No evidence of monitorability regressions.

Another concern is that alignment-focused RL might improve surface behavior while making the model harder to monitor. To examine this, we run monitorability evaluations, and observe that beneficial trait training does not reduce monitorability compared to the baseline (full results in Appendix E).

6. Related work

Section Summary: Recent research has shown that training AI models to act misaligned in narrow settings often leads them to generalize that undesirable behavior across many unrelated tasks, driven by internal representations resembling consistent "personas" rather than isolated habits. Studies identify these persona features through interpretability tools and demonstrate that methods such as reinforcement learning on helpful traits, inoculation prompts, or explicit safety reasoning can reduce unwanted generalization. This body of work connects to efforts like Constitutional AI and principle-based training, which aim to instill broad, durable aligned tendencies by teaching higher-level rules and rationales instead of surface-level compliance.

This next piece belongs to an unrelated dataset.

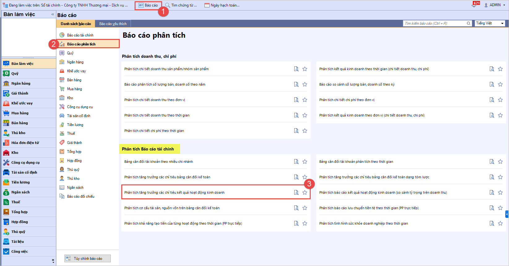 Bước 1: Vào phân hệ Báo cáo, chọn mục Báo cáo phân tích, sau đó chọn báo cáo trong nhóm Phân tích báo cáo tài chính.
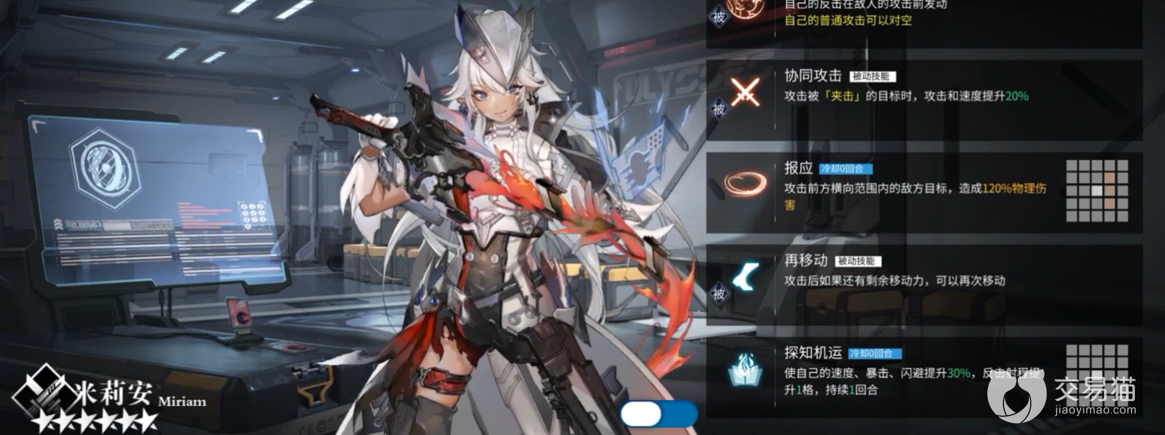 第一位推荐特勤是米莉安,这个特勤的职业是突击,攻击强度比较高,血也是比较厚的,她的技能一共有五个,基本上都是被动技能,唯二的一个主动技能是【探知机运】,一共可以使用三次,且不会有冷却时间,在释放完这一技能后,米莉安的速度、暴击、闪避等属性都能有所提升,还有反击射程都会有所增加,另外一个【报应】能够横向范围地攻击前方敌人,对他们造成120%的物理伤害,如果敌方的物理防御比较弱的话,基本上这一招能直接秒杀,剩下的技能是先兆预知、报应、协同攻击以及再移动,它们的效果就是用来提升米莉安所具备的一些属性的,或者是增加她的再移动次数。

A growing body of work has documented the phenomenon of emergent misalignment, in which models trained to exhibit narrowly misaligned behavior in specific settings subsequently generalize that behavior across tasks and domains ([1]). These findings suggest that narrow misalignment training can induce broader changes in model behavior that are not well explained as task-specific imitation alone.

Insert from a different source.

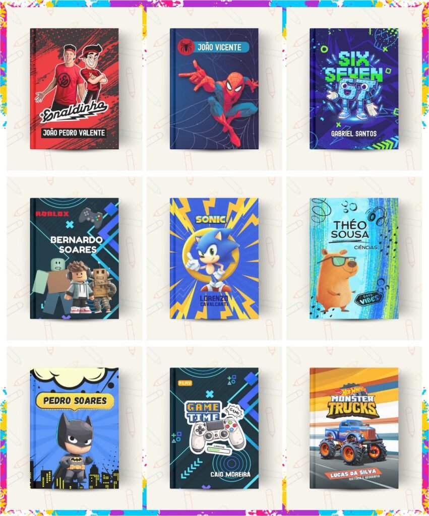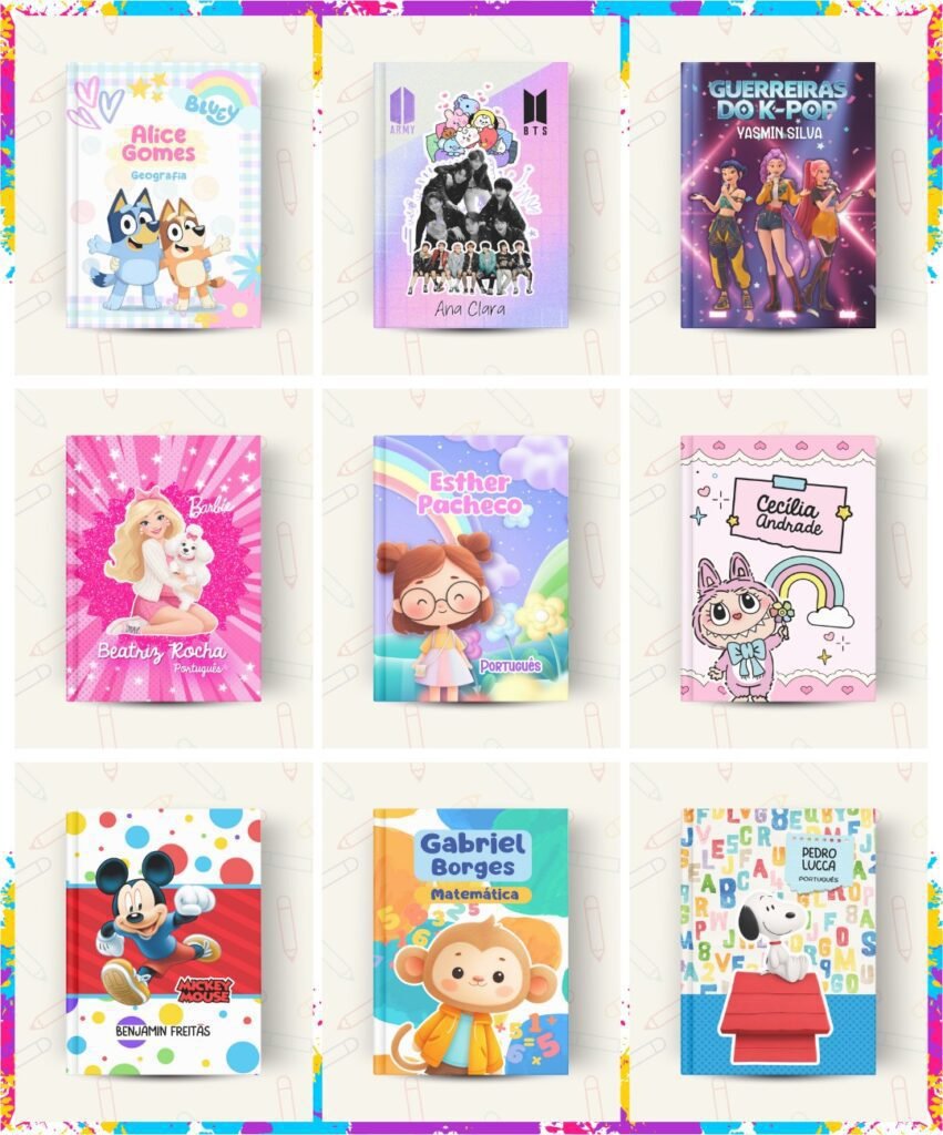 • Contém CATÁLOGO de capas e Mockups dos cadernos para sua cliente conseguir visualizar o produto.

Several recent studies provide evidence that "persona" representations play a central role in this form of generalization. [2] show that latent directions corresponding to toxic or adversarial personas can be identified using mechanistic interpretability techniques, and that steering models along these directions reliably increases misaligned behavior across a wide range of tasks. This work suggests that emergent misalignment is mediated by high-level, domain-general features rather than isolated policies. Complementary evidence comes from work showing that helpful-assistant features can suppress emergent misalignment: [4] identify sparse-autoencoder latents related to explanatory, advice-giving, and assistant-like behavior that are suppressed by bad-advice finetuning, and show that reactivating these features can realign emergently misaligned models. Similarly, [3] demonstrate that when models are pretrained on factual knowledge about reward hacks and then undergo reinforcement learning training with reward-hackable environments, they reliably learn to exploit the reward function. Notably, at approximately the same point in training, these models also begin exhibiting misaligned behaviors on other axes, including attempting to sabotage safety work. This temporal coupling further supports the hypothesis that reward hacking training induces a broader shift in model behavior rather than a narrow competence gain.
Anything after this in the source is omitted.